3. I subscribe to the Linus Torvalds camp of software development, which is that software exists to solve user problems.

4. While the trade-off between additional code complexity (and better overall user experience) versus simpler code (and poorer overall user experience) isn't always justified, in this case I think it is. I mean, HN parses URLs for you and makes them clickable -- would you really support removing that as a feature, in favor of having simpler code, and having to copy & paste links into your browser?
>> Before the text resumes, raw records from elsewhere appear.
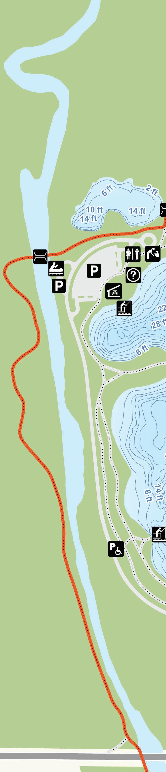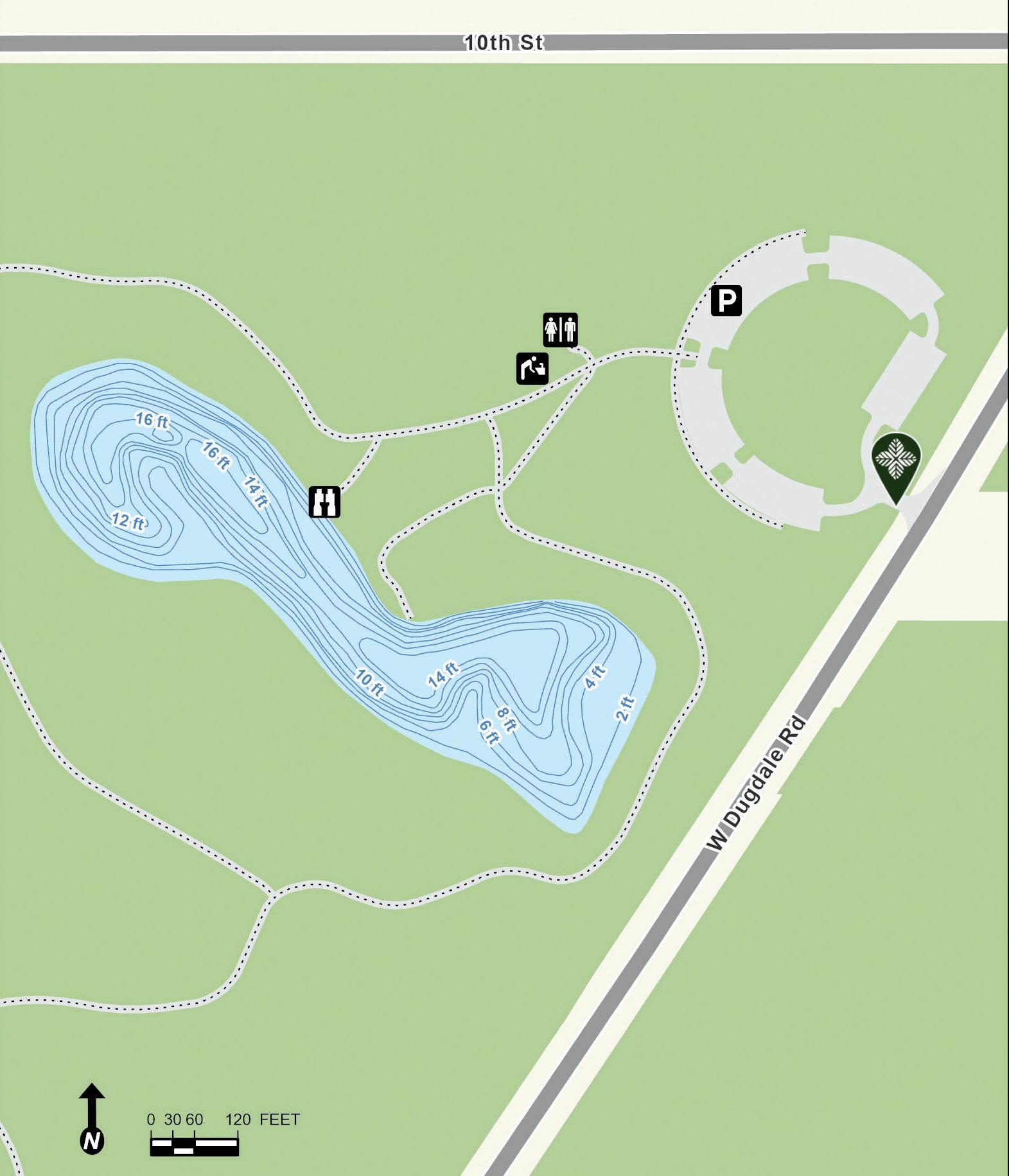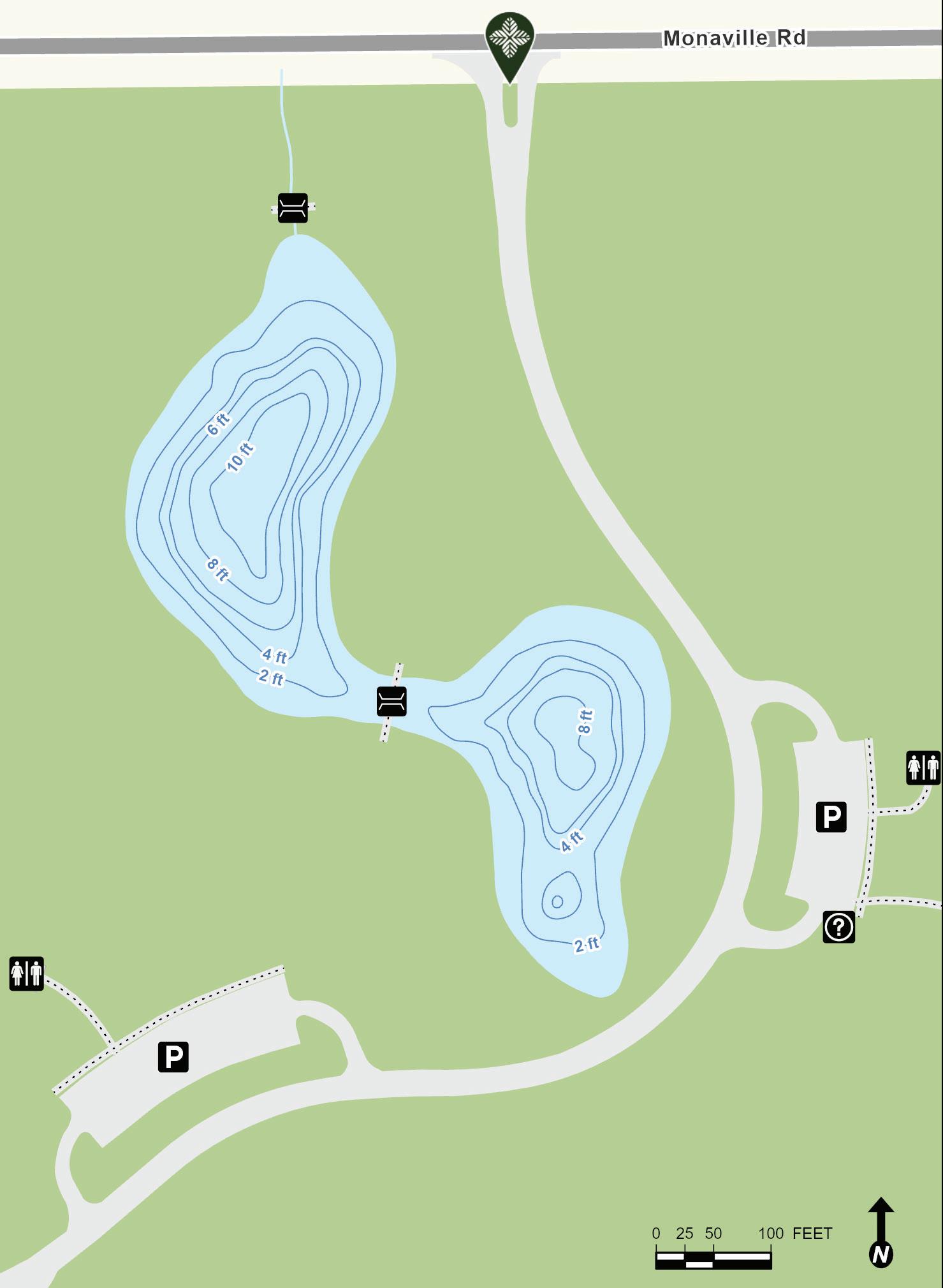Hastings Lake features 7,800 feet of shoreline and many species for fishing. Parking and lake access for cartop boats, canoes, kayaks and other non-motorized watercraft are available. Two fishing piers are located on the western shore. Fishing nodes are on the southeastern shore. Depth contours are estimates. Actual depths may vary.
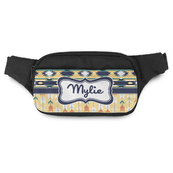 This fun, tribal design features stitched multicolored horizontal stripes on the top, and vertical arrows across the bottom. The two patterns are rather contradicting, but the overall effect is mesmerizing.
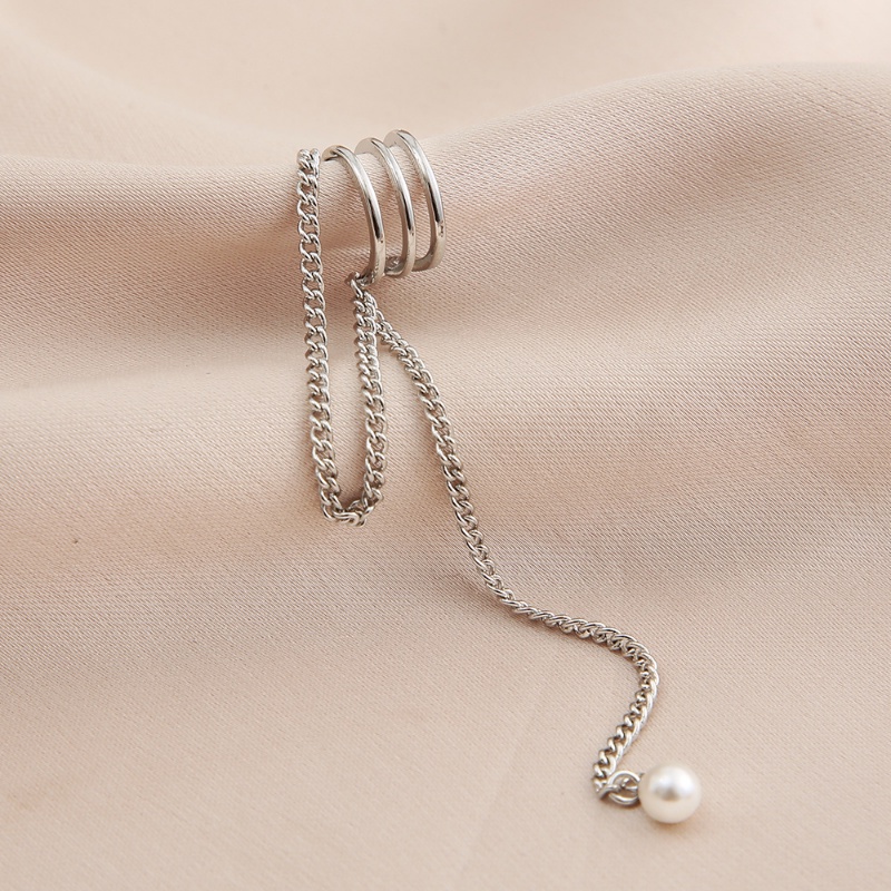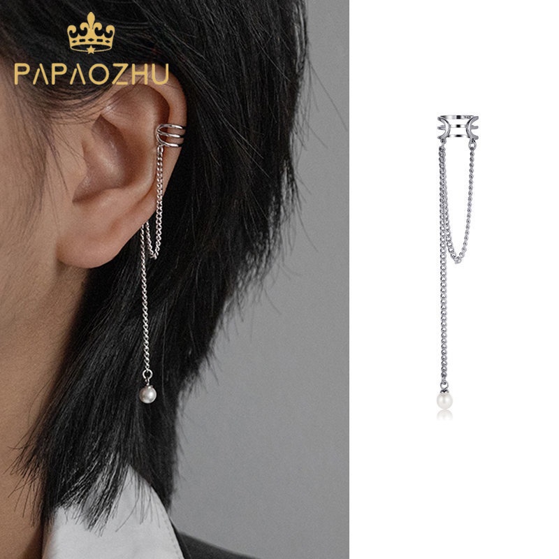 Papaozhu 1PC Korea Tanpa Tindik Mutiara Perak Rumbai Rantai Klip Anting Untuk Wanita Perempuan Sederhana Fashion Tulang Rawan Anting-Anting Telinga Tulang Perhiasan
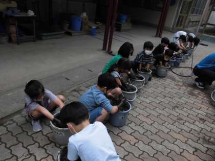 バケツの土と水を手で混ぜていきます。中の土が固く,重たく少し苦戦する様子も見られました。
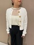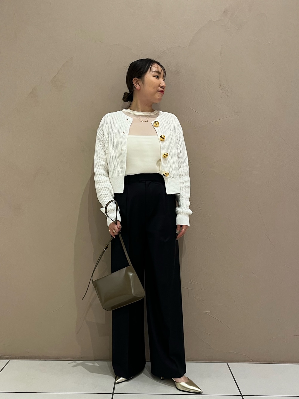 金ボタンカーディガンが程よくインパクトがあるのでパンツのインナーはシンプルに。 ボタンを閉めてトップスとしてきても可愛いです!
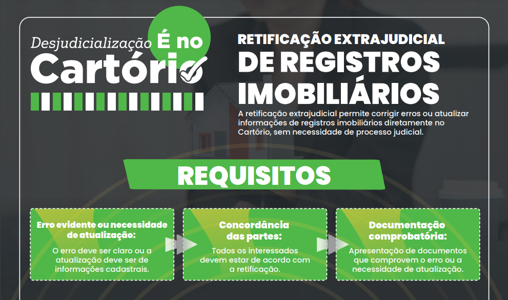 No material, também é possível encontrar os requisitos, detalhes sobre o passo a passo necessário para a retificação e também as vantagens da prática do ato extrajudicial.

5. This particular feature rather nicely lends itself to extensive testing so that you can make sure you've covered most of your edge cases. If we decide not to implement solved, testable features out of fear that some other programmer might not implement it correctly or test it thoroughly enough, then I don't know what to say about our industry other than that it's going to come to a standstill.

I'm afraid that's all the energy I have tonight for arguing about things I don't really have any influence over on HN.

cryptoz · on Oct 26, 2012

I've been annoyed by that on reddit for...like 6 years. "You can just escape it" people say. As if normal reddit users are gonna escape strings themselves these days.